[Dataset extract — start]
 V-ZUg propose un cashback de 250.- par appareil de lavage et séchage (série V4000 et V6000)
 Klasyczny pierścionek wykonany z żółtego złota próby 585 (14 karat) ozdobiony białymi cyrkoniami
[Dataset extract — finish]
[Dataset extract — start]
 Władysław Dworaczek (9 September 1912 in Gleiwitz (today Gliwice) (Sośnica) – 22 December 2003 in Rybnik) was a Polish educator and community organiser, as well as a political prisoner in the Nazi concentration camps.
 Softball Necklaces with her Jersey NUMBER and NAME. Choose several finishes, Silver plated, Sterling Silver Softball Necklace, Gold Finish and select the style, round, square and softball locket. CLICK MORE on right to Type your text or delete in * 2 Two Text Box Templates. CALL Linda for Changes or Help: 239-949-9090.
[Dataset extract — finish]
What needs to be done: Return a word-for-word copy of the lines above from the one holding "Władysław Dworaczek (9" through the one holding "Softball Necklaces with", with both of them included and nothing besides.

Output:
 Władysław Dworaczek (9 September 1912 in Gleiwitz (today Gliwice) (Sośnica) – 22 December 2003 in Rybnik) was a Polish educator and community organiser, as well as a political prisoner in the Nazi concentration camps.
 Softball Necklaces with her Jersey NUMBER and NAME. Choose several finishes, Silver plated, Sterling Silver Softball Necklace, Gold Finish and select the style, round, square and softball locket. CLICK MORE on right to Type your text or delete in * 2 Two Text Box Templates. CALL Linda for Changes or Help: 239-949-9090.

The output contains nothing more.